The skills of Palestinian mothers

The Trio Joubran, a band composed of three brothers from Nazareth playing traditional Palestinian music, are not just world-renowned musicians, they are passionate about cooking and have always enjoyed making and sharing food with their friends. 

When the trio last performed in Bethlehem at the end of last year, they stayed at the guesthouse owned and run by Fadi Kattan. Soon after meeting the well-respected chef, Adnan and his older brothers Samir and Wissam joined one of his morning market tours. Later, they ended up cooking together in his kitchen and tasting some delectable dish based on meat that he had come up with on the day. 

“We were charmed by Fadi’s respect for every aspect of our culture. How he talks with farmers, buys local Palestinian produce daily, and shows passion at every stage of cooking”, the youngest brother recalled, “it was an unforgettable experience”. 

The band was honoured to contribute to the cookbook, putting their names to a recipe of chicken and potato bake (sayniyeht djaj w batata). 

“It’s a very modest dish but it evokes all the experience and skills Palestinian mothers put into cooking something straightforward yet delicious for their children”, Adnan said, expressing the same determination that has made the trio Joubran a symbol of Palestinian identity and resistance.  

“We’re here to say that we do exist and this is our culture. Being alive with our food, poetry, history and language is our most powerful weapon,” he said resolutely. 

Kattan, who co-curated the first ever Palestinian cookbook compilation, scrupulously tested and modified the one hundred plus recipes, fine-tuned instructions, and made the text user-friendly. He took pride in working on a great range of recipes, and collaborating with a very culturally rich and diverse community. 

“Many of the contributors are based outside Palestine, and the one thing they all share is this transmission through food which is really about keeping the identity alive”, the Bethlehemite chef said, evidently delighted. “What is enjoyable is to see how these recipes travelled, were changed but retained some very Palestinian character”. He considers himself very lucky to be a Palestinian living in Palestine. 

Omar Sartawi, a Jordanian designer and food artist of Palestinian descent, participated in the book project with much enthusiasm as he welcomed the idea of coming together with so many from all walks of life in their love for food as well as for a meaningful cause. 

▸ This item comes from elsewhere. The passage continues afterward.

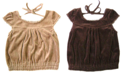 ちょっとシックな大人っぽいベロア風素材のベスト。後ろ肩にひもが付いていて、それを結ぶようになっています。とってもおしゃれで大人っぽいベストです。色はベージュとブラウン。
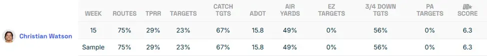 Watson plays both sides of the field but tends to align on the left side of the offense (44.0% of his snaps at left WR). His alignment indicates he’ll likely draw New Orleans CB Kool-Aid McKinstry. In just three games since the Saints’ bye, McKinstry has allowed the 10th-highest passer rating when targeted of any corner with more than 100 coverage snaps. Terry McLaurin worked him for a score in tight coverage on Sunday. While the Packers have been more focused on their running game as of late, a deep shot (resulting in a TD) to Watson makes him worth FLEX consideration in Week 16.

As for his contribution, Sartawi picked a watermelon and cheese dish (bateekh w jibneh) and gave it an avant-garde twist. The end result was cooked watermelon rinds with cheese mousse on the top. 

“I wanted to take a basic specialty, which my grandparents used to make at home, and turn it into something a little elevated, playful and exotic”, the conceptual artist explained. 

Sartawi has always been closely connected with Palestinian food and the culture behind it. Until today, some of his most cherished memories about food stem from the days when his mother and grandmother were cooking delectable dishes with simple, high quality products. 

He values the cookbook for its breadth of input from all the various voices featured in it. “It’s an interesting medley of recipes, original and modified, cooking styles and influences representing one of the oldest cuisines in the world. All in one book”, the Jordanian said.

“Craving Palestine” will be out in mid-September. Full proceeds of book sales will go towards NGO Anera’s education, health and development programmes which will benefit Palestinian communities in Gaza, the West Bank and in refugee camps in Jordan and Lebanon. 

“Despite all that Palestinians have lived and are living through, there’s still a very strong sense of community”, Kattan noted, emphasising that everybody who contributed to the book acted pro bono for a great cause. 

“This collection of recipes and stories will bring Palestine on the shelves of a lot of Palestinians and non-Palestinians.  It will make you feel at home”, the book’s co-curator said.